For every record below, repeat the text exactly and pass over any image.
(Dataset content Opens)
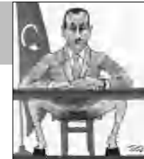
Հայաստանի ձայնի եւ մտահոգությունների մասին ելույթայումը 4

ցից է նաեւ 1942- ին լույս առաքարի եկած Բեյջանը, որի մոր կողմի ազգականները զոհ են զնացել կոռոնաճին, իսկ կոռակար հայրը, անկարող լիմեւելով վճարել ոչ մահմեդականներին դասրադրված հասուկ տուրք, բռնաճնուումների հեճեւանով հայսնվել է Ասֆալի աճխասանֆային ձամբարում: 1955- ին ականասեւ լիմեւելով Սսամբուլում հոյունեւ եւ հայերի դեմ գործադրված բռնություններին, դասնության դադին հակադասկական կոչեւրին, հոգեւորականի ուղին ընտրած Բեյջանը 1965- ին տարավեց Գերմանիա՝ ուսումը Եւրոնակվում: Նա ակիճիվ մասնակցություն ունեցավ Գերմանիայում եւ Ֆրանսիայում հայ համայնքի կազմակերմման գործում, սսացավ ԳԴՀ ֆաղափաղություն, իսկ 1991- ից սսանձնեց Գերմանահայոց հոգեւոր առաջնորդի դասոնը:
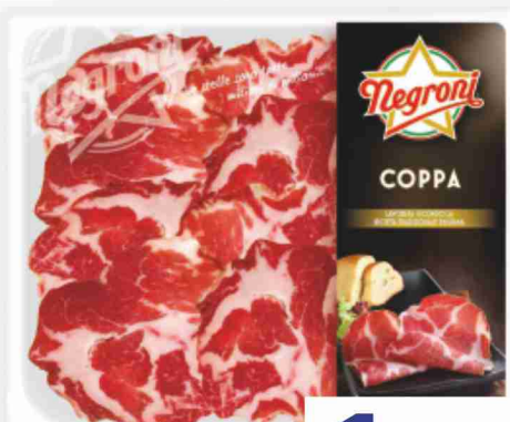
Coppa Negroni g 100
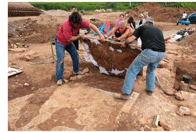
4 : .....
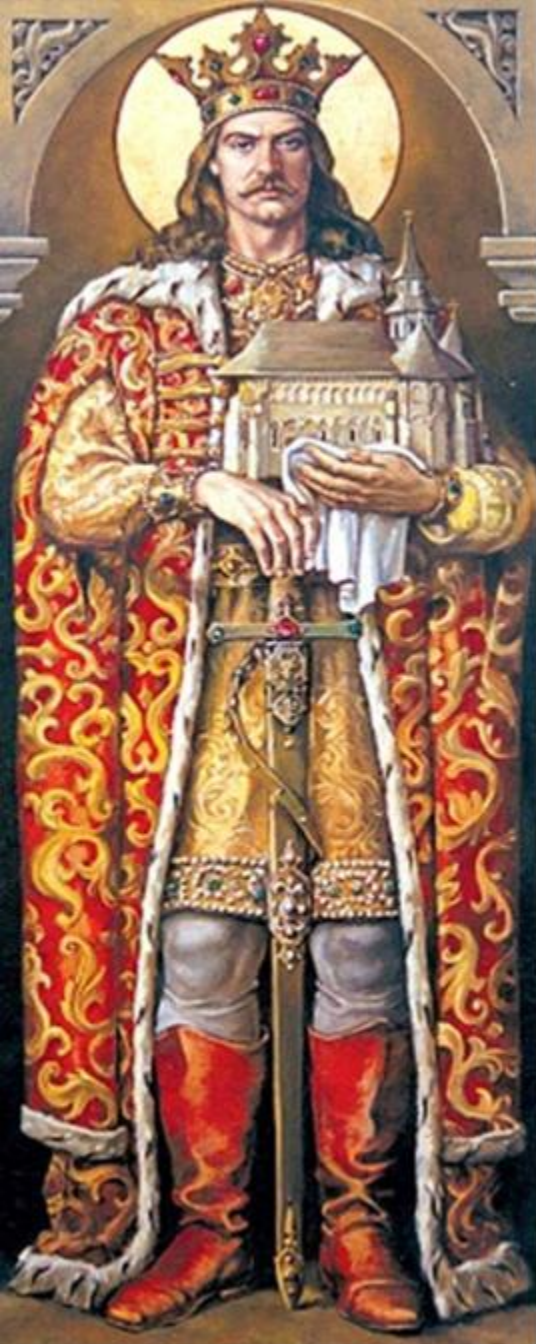
Ștefan al III-lea cel Mare
(Dataset content Closes)
Reply ->
Հայաստանի ձայնի եւ մտահոգությունների մասին ելույթայումը 4

ցից է նաեւ 1942- ին լույս առաքարի եկած Բեյջանը, որի մոր կողմի ազգականները զոհ են զնացել կոռոնաճին, իսկ կոռակար հայրը, անկարող լիմեւելով վճարել ոչ մահմեդականներին դասրադրված հասուկ տուրք, բռնաճնուումների հեճեւանով հայսնվել է Ասֆալի աճխասանֆային ձամբարում: 1955- ին ականասեւ լիմեւելով Սսամբուլում հոյունեւ եւ հայերի դեմ գործադրված բռնություններին, դասնության դադին հակադասկական կոչեւրին, հոգեւորականի ուղին ընտրած Բեյջանը 1965- ին տարավեց Գերմանիա՝ ուսումը Եւրոնակվում: Նա ակիճիվ մասնակցություն ունեցավ Գերմանիայում եւ Ֆրանսիայում հայ համայնքի կազմակերմման գործում, սսացավ ԳԴՀ ֆաղափաղություն, իսկ 1991- ից սսանձնեց Գերմանահայոց հոգեւոր առաջնորդի դասոնը:
Coppa Negroni g 100
4 : .....
Ștefan al III-lea cel Mare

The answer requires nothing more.